After becoming slightly obsessed by Stephen King and re-reading a lot of his earlier novels this year, it is no surprise that he features in my top ten list more than once. I finally got around to reading The Shining after having the bejeezus scared out of me watching the film at a sleepover when I was a kid. The book terrified me, obviously. I loved it though, and immediately moved on to read its recent sequel, Doctor Sleep– a brilliant conclusion to Danny Torrance’s story which started at the Overlook Hotel so many decades ago. Reading the books in close succession was a fantastic- and frightening- reading experience.

Talking of frightening, I also savoured Dark Matter by Michelle Paver- a truly scary ghost story.  Again, this isn’t a genre I read particularly often, but the story was spectacularly told and beautifully atmospheric, which compensated for my fear!

2013 was the year that I finally began the TimeRiders series by Alex Scarrow, a young adult series about three kids who travel back in time. Now, time travel confuses the heck out of me, but there is something so appealing about this series. It’s smart, well-written and also manages to impart historical facts in its pages. Educational and entertaining is always a win-win situation for me. I’ve read four books in the series so far and don’t want to get through these in too much of a rush so I’m trying to savour the rest, but you can read what I thought of books one, two, three and four if you want to know more. The first book is still my favourite to date I think, though book four was fantastic too.

Necessary Lies by Diane Chamberlain is one of the strongest books I have read by this author and I have experienced a lot of her writing. Her novels are always deeply thought-provoking and manage to pose some ethical questions and this one, exploring a rather dark period in America’s recent history, was no exception. It was harrowing and heart-breaking yet managed to make me fall completely in love with some of its characters. If you are a fan of Jodi Picoult or Heather Gudenkauf then you will love Chamberlain’s books.

Speaking of Picoult, her mesmerising The Storyteller hit shelves earlier this year and was another engrossing read. It was a story of secrets and forgiveness set against the haunting backdrop of the Holocaust and moving towards the present day. I just don’t know how Picoult manages to weave such incredible stories time and time again, but needless to say, she remains one of my favourite authors and is one of the few whose books I will duly purchase in hardback the second they hit the shops.

Continuing the theme of thought-provoking reads, Lisa Genova’s Still Alice was a remarkable fictionalised account of a woman with early-onset Alzheimer’s. I read this at the start of the year and it broke my heart in its realistic portrayal of the illness. Though it is probably not a story for everyone and may upset those who have this illness in their own families, I found it to be an important, topical novel.

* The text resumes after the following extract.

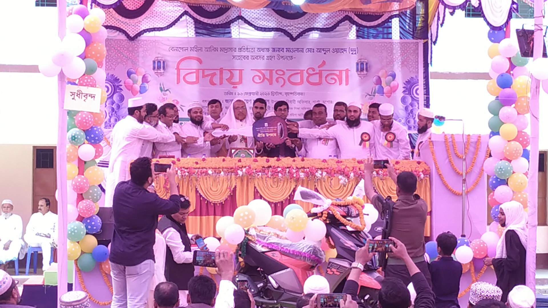 বৃহস্পতিবার (১৬ জানুয়ারি) মাদ্রাসার শিক্ষক পরিষদের উদ্যোগে সকাল ১০ টা থেকে দিনব্যাপী নানা আড়ম্বরপূর্ন আয়োজনের মধ্যে দিয়ে তাকে বিদায়ী সংবর্ধনা প্রদান করা হয়। বেনাপোল মহিলা আলিম মাদ্রাসা কমিটির সভাপতি মোঃ মহাতাব উদ্দিনের সভাপতিত্বে এবং মাওলানা মোঃ ইউছুপ আলীর সঞ্চালনায় বিদায় অনুষ্ঠানে প্রধান অতিথী হিসাবে উপস্থিত ছিলেন উপজেলা নির্বাহী কর্মকর্তা নারায়ণ চন্দ্র পাল। বিশেষ অতিথী হিসাবে উপস্থিত ছিলেন উপজেলা মাধ্যমিক শিক্ষা অফিসার হাফিজুর রহমান চৌধুরী। এছাড়া শার্শা উপজেলার বিভিন্ন মাদ্রাসা ও মাধ্যমিক বিদ্যালয়ের শিক্ষকরা উপস্থিত ছিলেন।
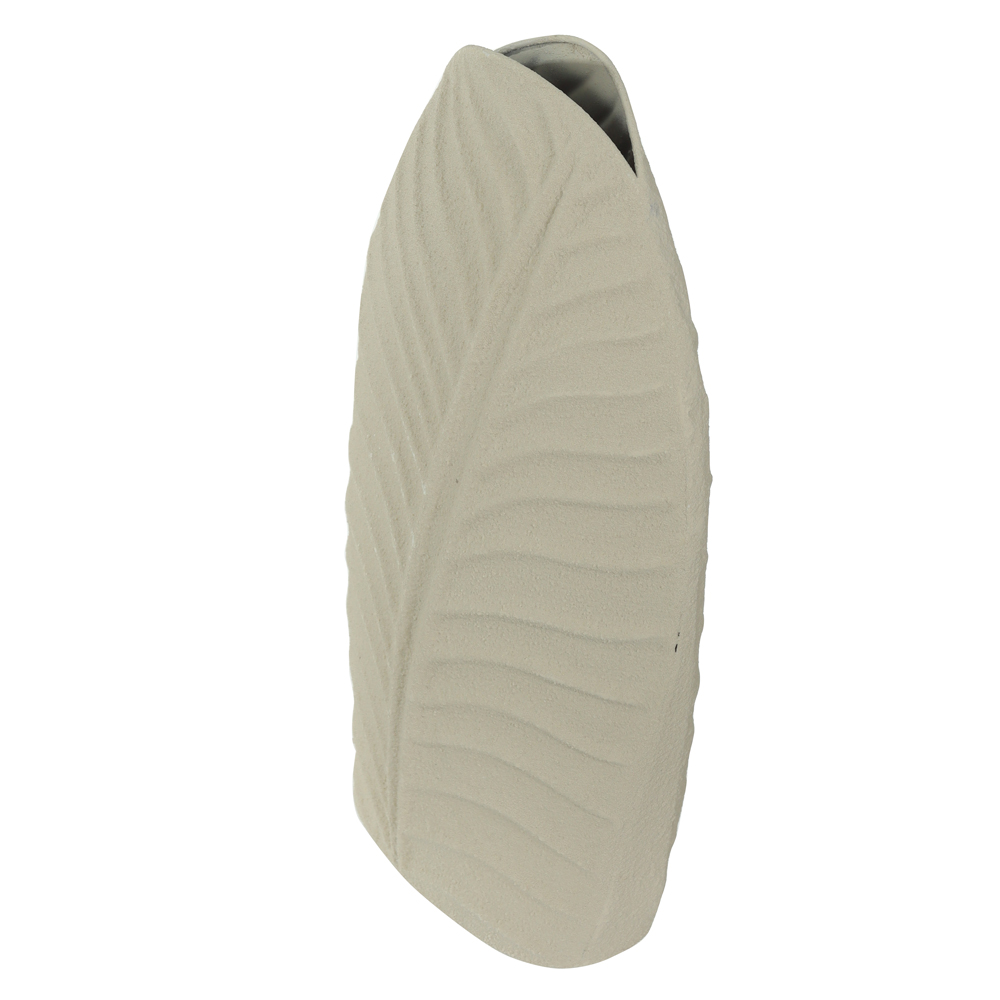 VASO DECORATIVO METAL FOLHA (OFF WHITE) 29,5X18X9,5cm

It is the first book by Genova I have read, though I will definitely read more by her in future.

Hotel on the Corner of Bitter and Sweet was a sublime debut by Jamie Ford, which I finally got around to reading after having it on my wish list since its release in 2011. It combines significant historical events with some amazing fictional protagonists and weaves together an engrossing story of romance, war and cultural identities.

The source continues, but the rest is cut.